** Opening ENTRIES SHOWN block **

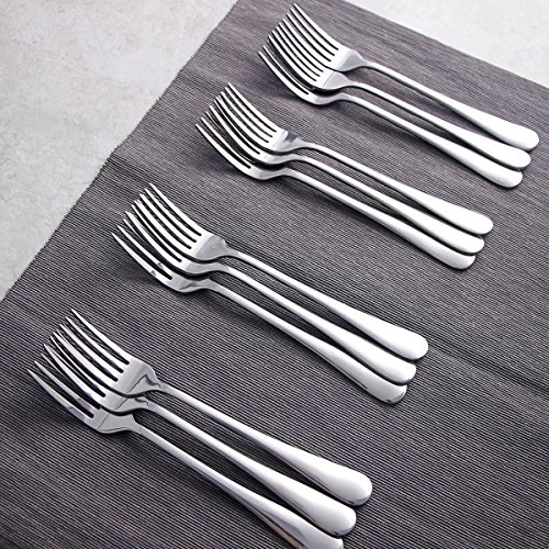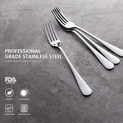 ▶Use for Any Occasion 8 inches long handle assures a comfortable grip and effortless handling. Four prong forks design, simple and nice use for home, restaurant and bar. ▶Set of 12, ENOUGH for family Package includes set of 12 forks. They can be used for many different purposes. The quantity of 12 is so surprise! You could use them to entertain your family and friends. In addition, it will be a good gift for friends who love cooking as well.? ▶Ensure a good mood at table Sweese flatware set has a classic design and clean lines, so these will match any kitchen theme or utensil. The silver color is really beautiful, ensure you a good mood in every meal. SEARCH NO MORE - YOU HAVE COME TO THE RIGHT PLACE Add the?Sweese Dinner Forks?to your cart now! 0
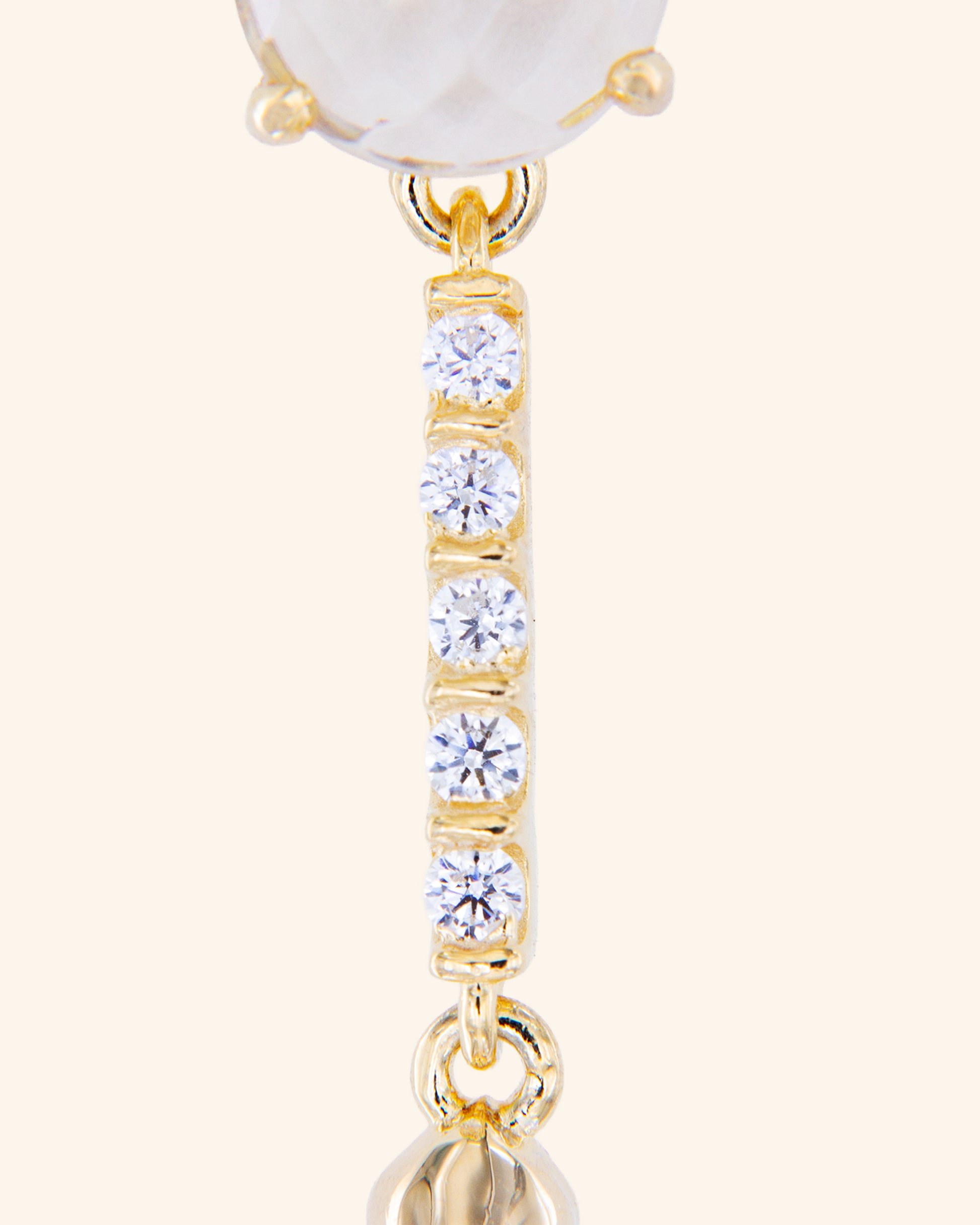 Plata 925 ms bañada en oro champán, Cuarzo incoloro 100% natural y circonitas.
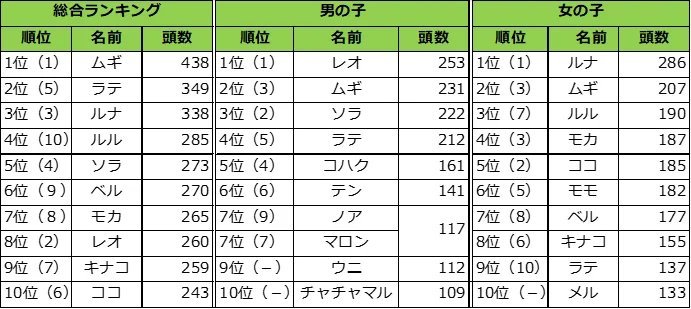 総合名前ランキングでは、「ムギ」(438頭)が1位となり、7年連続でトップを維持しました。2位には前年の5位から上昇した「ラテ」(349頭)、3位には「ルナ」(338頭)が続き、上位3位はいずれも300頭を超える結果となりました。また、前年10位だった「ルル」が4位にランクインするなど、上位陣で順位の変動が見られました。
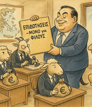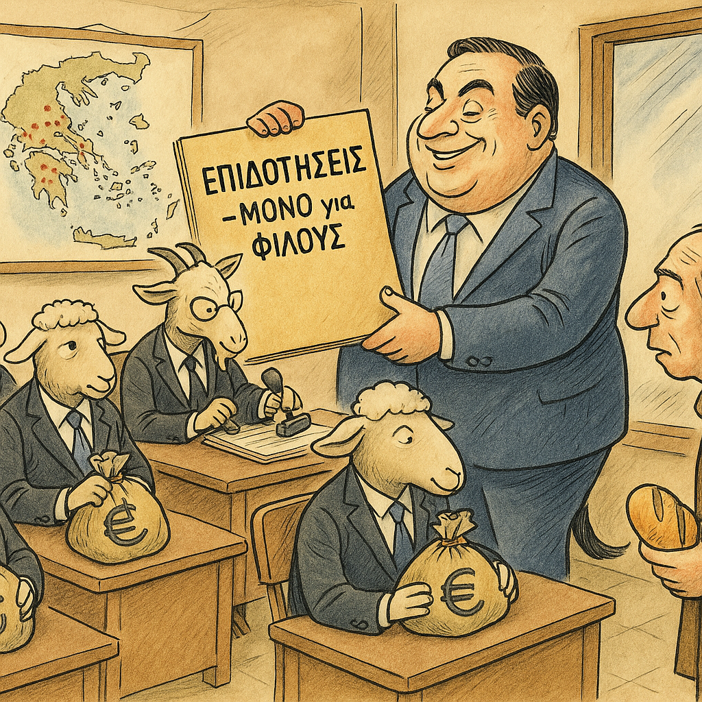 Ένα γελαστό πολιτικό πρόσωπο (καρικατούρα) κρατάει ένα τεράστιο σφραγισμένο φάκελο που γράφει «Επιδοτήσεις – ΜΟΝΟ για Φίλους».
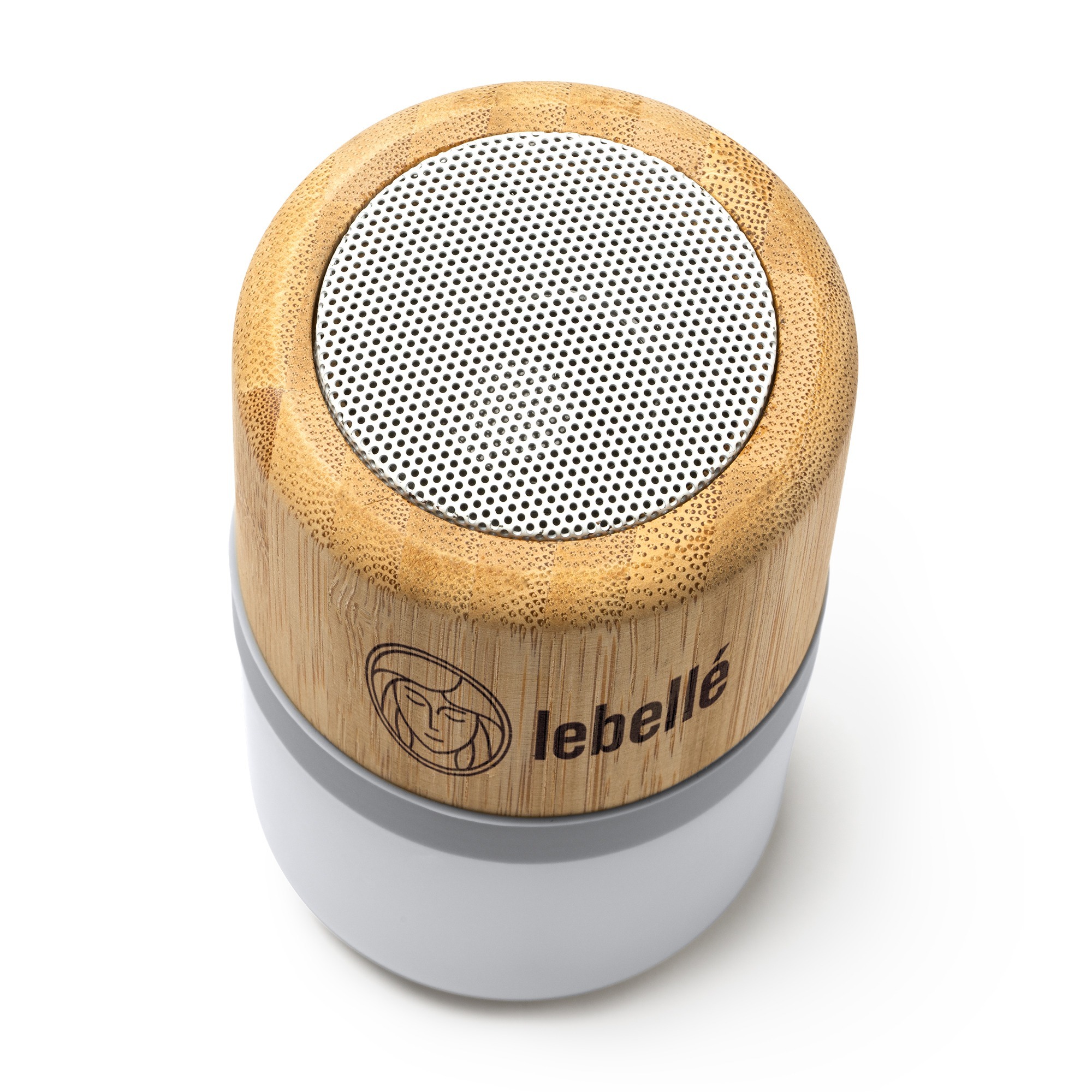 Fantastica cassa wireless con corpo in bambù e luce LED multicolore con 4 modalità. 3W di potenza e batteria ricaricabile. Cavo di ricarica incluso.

** Closing ENTRIES SHOWN block **

## WHAT IS REQUIRED
Each line from the top of the material through the line containing "Ένα γελαστό πολιτικό" should be reproduced exactly; please drop any images.

## EXERCISE OUTPUT
 ▶Use for Any Occasion 8 inches long handle assures a comfortable grip and effortless handling. Four prong forks design, simple and nice use for home, restaurant and bar. ▶Set of 12, ENOUGH for family Package includes set of 12 forks. They can be used for many different purposes. The quantity of 12 is so surprise! You could use them to entertain your family and friends. In addition, it will be a good gift for friends who love cooking as well.? ▶Ensure a good mood at table Sweese flatware set has a classic design and clean lines, so these will match any kitchen theme or utensil. The silver color is really beautiful, ensure you a good mood in every meal. SEARCH NO MORE - YOU HAVE COME TO THE RIGHT PLACE Add the?Sweese Dinner Forks?to your cart now! 0
 Plata 925 ms bañada en oro champán, Cuarzo incoloro 100% natural y circonitas.
 総合名前ランキングでは、「ムギ」(438頭)が1位となり、7年連続でトップを維持しました。2位には前年の5位から上昇した「ラテ」(349頭)、3位には「ルナ」(338頭)が続き、上位3位はいずれも300頭を超える結果となりました。また、前年10位だった「ルル」が4位にランクインするなど、上位陣で順位の変動が見られました。
 Ένα γελαστό πολιτικό πρόσωπο (καρικατούρα) κρατάει ένα τεράστιο σφραγισμένο φάκελο που γράφει «Επιδοτήσεις – ΜΟΝΟ για Φίλους».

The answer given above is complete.